Term attributed to the Gautama Buddha

Noble Silence is a term attributed to the Gautama Buddha, for his reported responses to certain questions about reality. One such instance is when he was asked the fourteen unanswerable questions. In similar situations he often responded to antinomy-based descriptions of reality by saying that both antithetical options presented to him were inappropriate.

A specific reference to noble silence in Buddha's teaching involved an occasion where Buddha forbade his disciples from continuing a discussion, saying that in such congregation the discussion of the sacred doctrine is proper or practicing noble silence. This does not indicate misology or disdain for philosophy on the Buddha's part. Rather, it indicates that he viewed these questions as not leading to true knowledge.

==Pali Canon==

While silence is generally thought to be something observable on the outside of a person — an external state, such as whether they are talking or not — in the Pali Canon, a noble state is an internal state — one which is synonymous with jhana.

"But what is noble silence?' Then the thought occurred to me, 'There is the case where a monk, with the stilling of directed thoughts & evaluations, [1] enters & remains in the second jhāna: rapture & pleasure born of concentration, unification of awareness free from directed thought & evaluation — internal assurance. This is called noble silence.'"

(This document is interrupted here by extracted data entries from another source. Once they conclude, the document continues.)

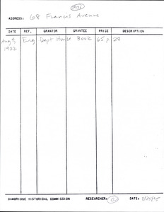 68 Francis Ave - Research Form
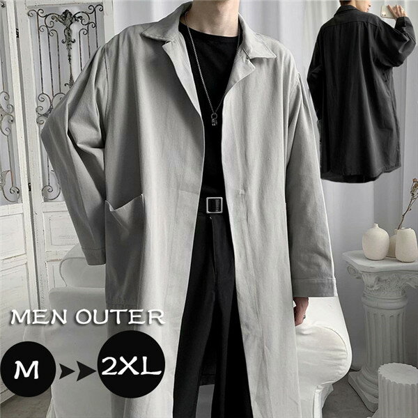 韓国風トレンチコートメンズスプリングコートドロップショルダー春コートロングトレンチコート春秋アウター・・・
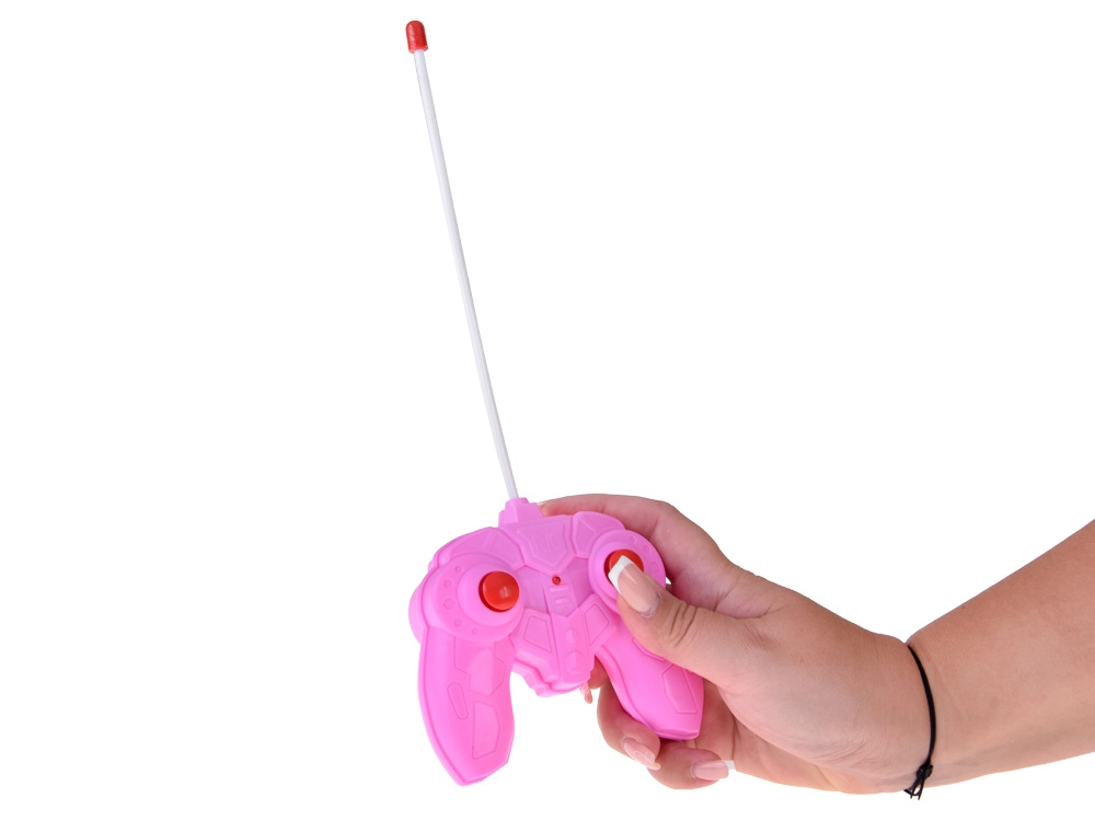 De controller met twee knoppen zorgt voor intuïtief vooruit/achteruit rijden en sturen. De veilige lange antenne en ergonomische vorm maken vasthouden en bedienen gemakkelijk.
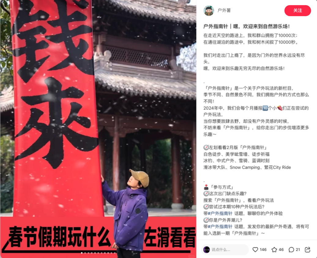 发布全新户外奇遇,将有可能入选新一期「户外指南针」,让更多小红薯看到你的户外灵感
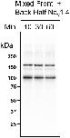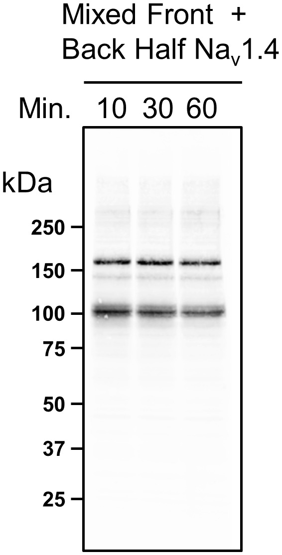 http://dx.doi.org/10.7554/eLife.18976.008Figure 4—figure supplement 1. Assembly of split-intein Nav1.4 constructs occurs within the cells.HEK293 cell lysates expressing either front half WT Nav1.4 I-II N-intein and back half WT Nav1.4 III-IV C-intein were mixed on ice for 10, 30 and 60 min and separated by acrylamide gels, transferred and immunoblotted. No higher order band was detected following incubation of split-intein constructs following cell-lysis indicating that assembly and intein-dependent peptide bond formation occurred within the cell.DOI:

Of the eight jhanas (meditative states), that in which the inner dialogue goes silent is the second.

== Concept ==
Noble silence requires an understanding of the Buddhist conceptualization of the word "noble." It is described as something or someone who has united three aspects of his being, namely: body, speech, and mind. Such a union provides individuals the awareness of their whole body and understanding who they are and, in the process, allow others to be who they are as well. It is, thus, not merely the absence of speaking because sometimes not talking cannot be considered noble. This is said to lead to a subsiding of thought and examination so that a bhikkhu can enter and dwell in the second jhana, a meditative state characterized by internal confidence and a unified mind.

An interpretation also noted that noble silence is not about silence for silence’s sake. Rather, it is an injunction if the primary ideal of conversing about the Dhamma is not met. If the disciples cannot do so, then they are encouraged to pursue noble silence — one that requires the attainment of second absorption. One account also cited how Buddha used noble silence when he was asked a question, opting to discuss another topic, which he deemed more significant to the questioner.

In Vipassana Meditation, the noble silence covers a period of nine to ten days and this includes the so-called silence in deed, which means no gestures or the use of communication tools such as mobile phones, computer, and the Internet.